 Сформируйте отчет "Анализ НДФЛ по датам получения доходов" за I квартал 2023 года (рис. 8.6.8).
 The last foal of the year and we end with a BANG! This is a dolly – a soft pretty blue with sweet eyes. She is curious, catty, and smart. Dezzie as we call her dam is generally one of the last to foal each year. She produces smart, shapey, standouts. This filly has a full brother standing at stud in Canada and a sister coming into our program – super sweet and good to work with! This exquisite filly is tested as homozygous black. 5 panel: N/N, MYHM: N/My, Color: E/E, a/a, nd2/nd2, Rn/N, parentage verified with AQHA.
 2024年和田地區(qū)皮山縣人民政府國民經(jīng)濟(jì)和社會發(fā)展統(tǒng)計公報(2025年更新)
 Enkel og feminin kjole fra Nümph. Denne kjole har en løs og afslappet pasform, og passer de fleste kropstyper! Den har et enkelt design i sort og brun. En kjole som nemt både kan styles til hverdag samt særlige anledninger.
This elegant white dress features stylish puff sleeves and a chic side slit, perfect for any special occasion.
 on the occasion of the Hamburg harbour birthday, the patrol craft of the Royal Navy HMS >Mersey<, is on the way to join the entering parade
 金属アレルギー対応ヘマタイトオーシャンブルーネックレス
•••••
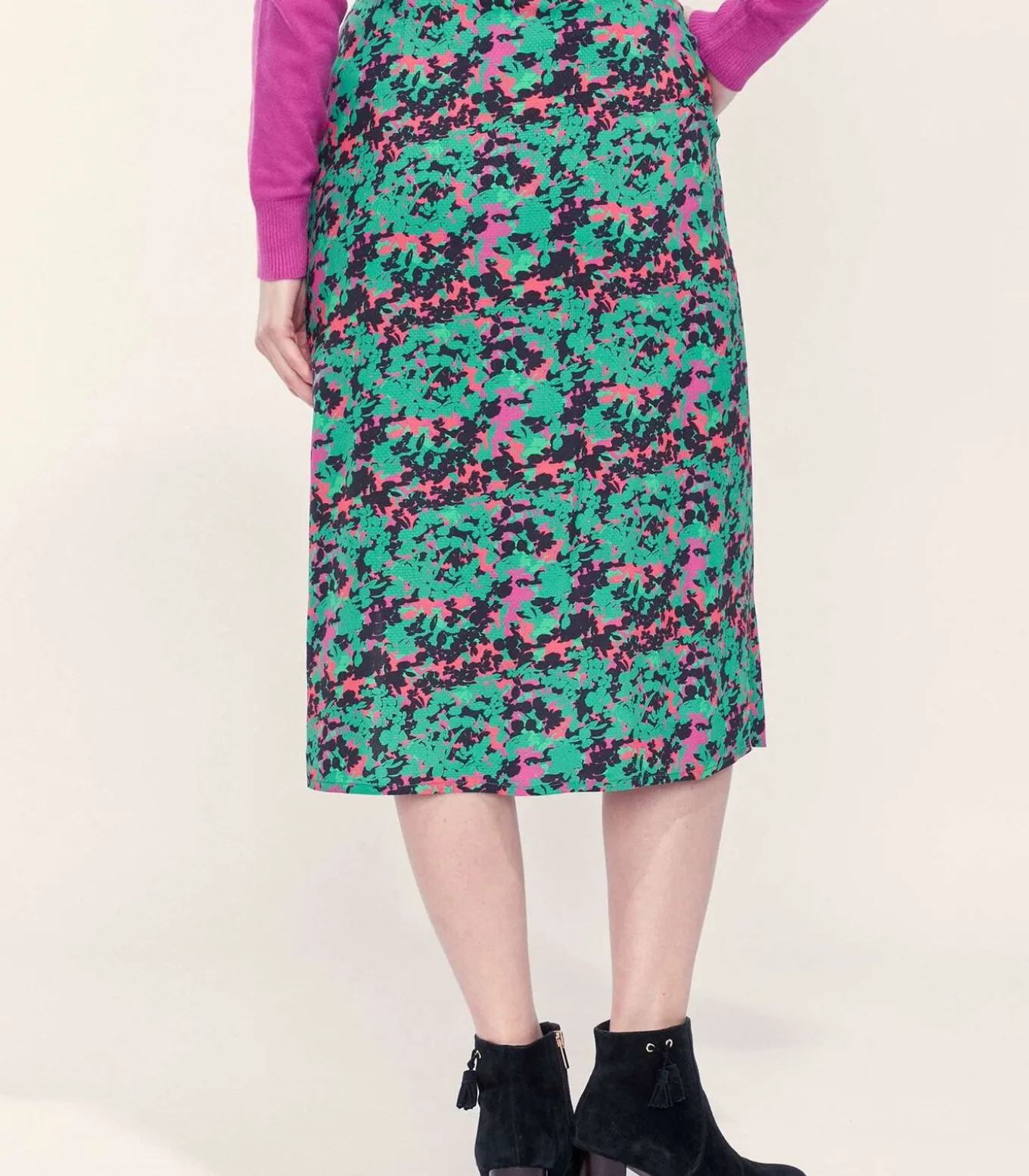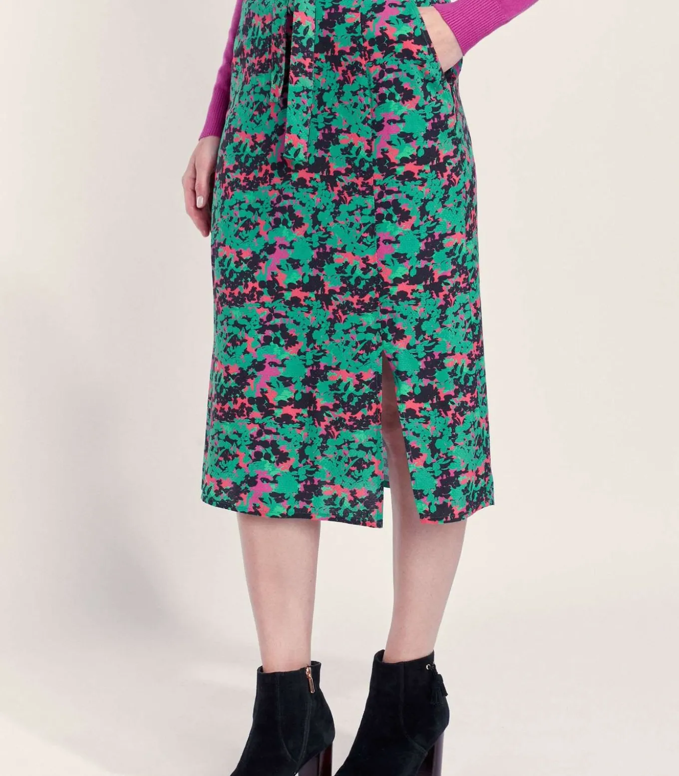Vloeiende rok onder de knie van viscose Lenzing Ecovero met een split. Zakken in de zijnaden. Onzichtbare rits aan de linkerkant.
•••••
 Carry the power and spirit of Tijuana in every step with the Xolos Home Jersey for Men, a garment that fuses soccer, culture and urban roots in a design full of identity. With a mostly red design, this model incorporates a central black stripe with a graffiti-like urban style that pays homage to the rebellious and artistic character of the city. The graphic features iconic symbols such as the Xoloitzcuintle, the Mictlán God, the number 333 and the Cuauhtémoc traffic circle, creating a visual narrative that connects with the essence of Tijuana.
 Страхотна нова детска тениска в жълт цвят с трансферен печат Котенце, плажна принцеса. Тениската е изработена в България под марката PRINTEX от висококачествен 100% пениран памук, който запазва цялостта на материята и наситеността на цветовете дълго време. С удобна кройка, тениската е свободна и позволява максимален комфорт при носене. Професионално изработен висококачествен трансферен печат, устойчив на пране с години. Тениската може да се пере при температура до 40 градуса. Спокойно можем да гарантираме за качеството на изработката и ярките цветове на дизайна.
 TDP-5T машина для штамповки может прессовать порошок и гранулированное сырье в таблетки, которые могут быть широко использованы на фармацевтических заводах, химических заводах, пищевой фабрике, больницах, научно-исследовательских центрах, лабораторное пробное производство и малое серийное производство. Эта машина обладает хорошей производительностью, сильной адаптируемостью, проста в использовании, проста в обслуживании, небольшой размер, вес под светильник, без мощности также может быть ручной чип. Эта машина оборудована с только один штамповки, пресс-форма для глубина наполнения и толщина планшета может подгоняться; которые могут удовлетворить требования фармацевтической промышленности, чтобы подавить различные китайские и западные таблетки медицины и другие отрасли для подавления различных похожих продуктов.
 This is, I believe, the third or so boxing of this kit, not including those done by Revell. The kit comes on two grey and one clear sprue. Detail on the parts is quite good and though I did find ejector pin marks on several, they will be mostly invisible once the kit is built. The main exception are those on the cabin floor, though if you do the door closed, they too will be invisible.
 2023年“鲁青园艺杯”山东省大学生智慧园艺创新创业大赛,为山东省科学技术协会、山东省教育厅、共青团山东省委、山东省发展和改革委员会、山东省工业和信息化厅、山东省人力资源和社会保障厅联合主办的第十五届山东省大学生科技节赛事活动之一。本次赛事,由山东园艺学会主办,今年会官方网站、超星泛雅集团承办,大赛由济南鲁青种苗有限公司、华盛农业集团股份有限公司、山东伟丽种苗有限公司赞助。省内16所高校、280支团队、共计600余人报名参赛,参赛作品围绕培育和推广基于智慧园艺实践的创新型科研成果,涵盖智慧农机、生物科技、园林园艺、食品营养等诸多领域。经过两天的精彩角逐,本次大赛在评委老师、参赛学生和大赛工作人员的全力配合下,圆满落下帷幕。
•••••
**EXERCISE AIM:**
Look through the data and show every line containing "design".

**SOLUTION:**
 Enkel og feminin kjole fra Nümph. Denne kjole har en løs og afslappet pasform, og passer de fleste kropstyper! Den har et enkelt design i sort og brun. En kjole som nemt både kan styles til hverdag samt særlige anledninger.
 Carry the power and spirit of Tijuana in every step with the Xolos Home Jersey for Men, a garment that fuses soccer, culture and urban roots in a design full of identity. With a mostly red design, this model incorporates a central black stripe with a graffiti-like urban style that pays homage to the rebellious and artistic character of the city. The graphic features iconic symbols such as the Xoloitzcuintle, the Mictlán God, the number 333 and the Cuauhtémoc traffic circle, creating a visual narrative that connects with the essence of Tijuana.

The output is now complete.